Modelling methods can also have a significant bearing on the outcome. All methods are continually evolving as the landscape on which they’re applied changes. New data can unlock new insight. Insight that may change decisions and take you in new directions. But action based on your best knowledge today is almost always better than inaction or instinct alone.
6. Communication between data scientists and their customers
It is common to hear that analytics teams and business teams feel important information gets lost in translation. It can be difficult to translate a business need into an analytics approach. Sometimes, too much focus on the analytics – either in doing the work or presenting it – means the business need drops out of focus. At best, good work goes to waste. At worst, competitive advantages don’t materialise.
Data science teams need commercially-focused measurement experts who understand the business, can commission the right analysis to answer the right questions, and translate the results.
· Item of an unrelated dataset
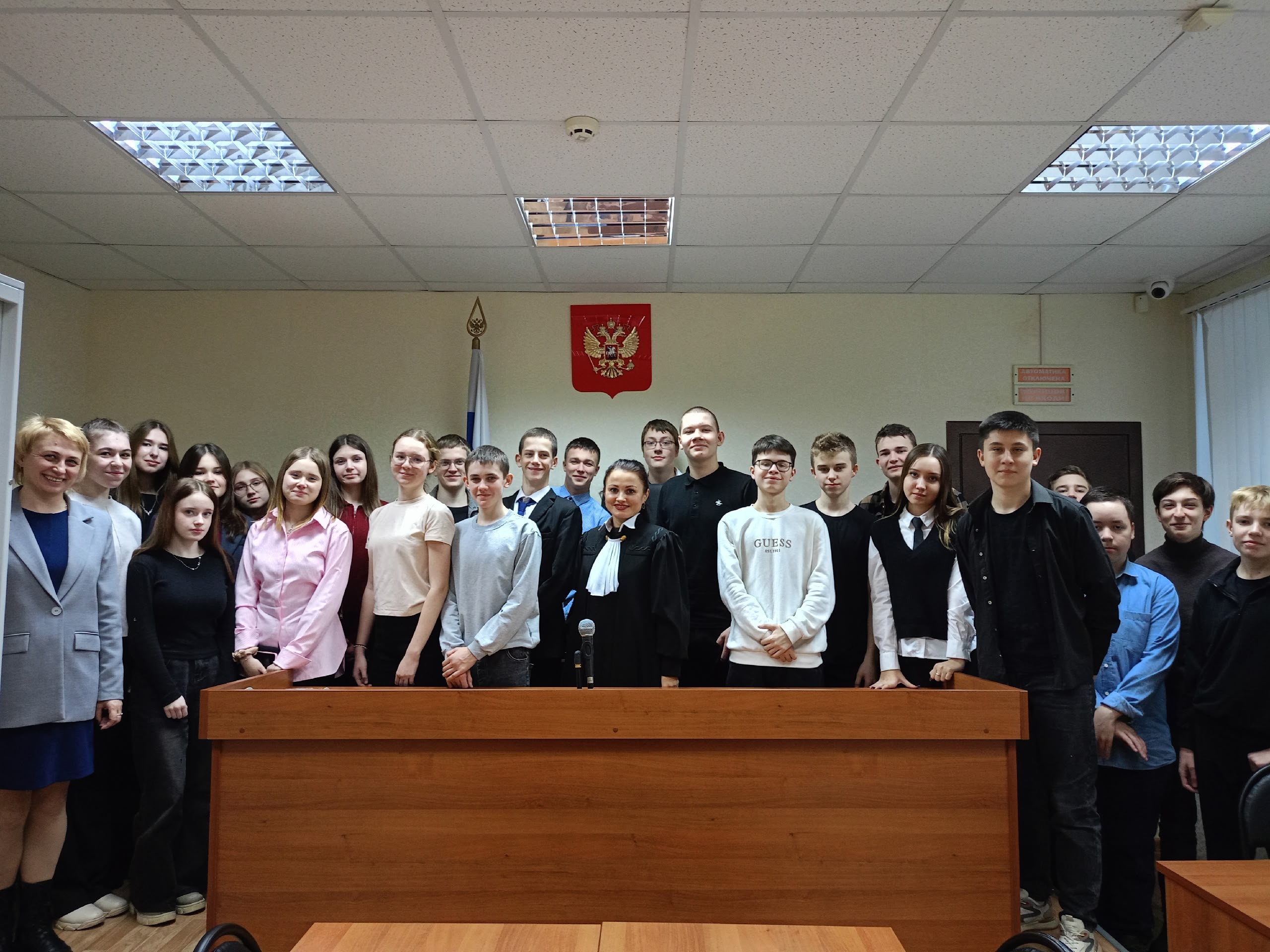 В Вытегорском районном суде 24 ноября 2025 года в рамках региональной программы правового просвещения и формирования у молодежи положительного образа судебной системы «Знакомьтесь: судебная система Вологодской области» проведена встреча с учащимися 9 класса МБОУ «Вытегорская СОШ № 1». Данное мероприятие направлено на правовое просвещение и повышение правовой грамотности учащихся старших классов школ. Администратор суда Кондрат Т.Д. провела для ребят экскурсию по зданию суда. Рассказала им о структуре суда, о символах государственной власти, располагающихся в суде, об обязанностях судебных приставов по поддержанию порядка в суде. Двадцать шесть учеников в сопровождении педагога стали слушателями открытого судебного процесса по рассмотрению дела о возмещении ущерба, причиненного в результате дорожно-транспортного происшествия, в порядке суброгации. Перед учащимися выступил представитель Стрельников Р.Ю., который прокомментировал свое участие в данном деле, поделился своей практикой рассмотрения дел данной категории и посоветовал ребятам не нарушать правила дорожного движения. Для любого будущего юриста, очень важно посетить судебное заседание, для того чтобы увидеть как проходит судебное разбирательство. В процессе разрешения дела ребята увидели, в каком порядке проходит судебное разбирательство, как должны звучать формулировки искового требования, как выступают участники суда, а также какого поведения должны придерживаться присутствующие. Судья Конева Наталья Николаевна ответила на интересующие вопросы ребят, рассказала о своем пути в данную профессию, о интересных делах, рассмотренных ею за период работы. Целью данных мероприятий является взаимодействие суда с образовательными учреждениями, формирования у учащихся правосознания, позитивного отношения к российской судебной системе, уважительного отношения к закону, профилактики правонарушений среди подростков и дополнительное профессиональное ориентирование. ![]() |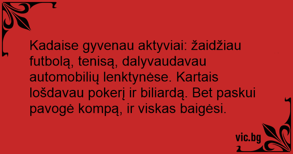 Крајот на една современа спортска кариера Преди живеех много активно Раніше я вів дуже активне життя: грав у теніс, більярд, займався шахами, брав участь в автоперегонах. Але все закінчилося коли згорів комп'ютер. Kolega żali się koledze: - Kiedyś grałem w tenisa, futbol i hokeja, czasami siadałem do szachów, lubiłem też poszaleć gokartem... - A teraz? - Niestety, teraz mój syn podrósł i już nie dopuszcza... Agrāk es spēlēju tenisu, futbolu, nodarbojos ar brīvo cīņu, piedalījos šaha un kartinga sacensībās. Viss beidzās, kad salūza dators.

Ensuring insight is useful, usable and used very much depends upon the culture of data-led decision-making in an organisation. Organisations led by those who favour instinct may struggle to make the most of their data asset and fall behind more data-literate competitors.
7. Clarity of the question
Clarity over the expected outcomes and measurement requirements from the outset of marketing activity is essential to measurement success. This ensures data science teams are prepared to collect the right data to answer measurement questions (for example the level of granularity in geo-tagging), set-up experiments so the results are statistically valid and can be used in meaningful ways (for example in test design and sample sizes), or select the right evaluation methods.
This requires that marketers brief with effectiveness in mind, involving their marketing science teams as early as possible. Otherwise learnings may be limited and future budget may be wasted on activity that doesn’t perform.
8. Things change
Competitors catch you off guard. Consumer habits shift. Politicians make decisions that impact the market. New channels take off. Your product goes out of stock and you can’t fulfil orders. Stuff happens.
All of which can have a significant impact on both consumer behaviours and model efficacy. Increasingly, insight and effectiveness teams are employing more agile approaches, with more in their toolkit to help them overcome fast moving change or shocks to the system. But even the best prepared team can be taken by surprise.
Embedding data and measurement within your BAU (business as usual) decision making processes, and using a wide range of methods from econometrics to experiments and attribution, can allow the flexibility and agility to respond to shocks. You can’t control the environment you operate in, but you can make sure you’re set up to respond quickly when things change.
In summary, effective marketing measurement involves a wide range of challenges to overcome, from analytics to people. But it is the skill (and job) of the marketing science teams to tackle these and build capabilities that support smarter decisions in the short- and the long-term.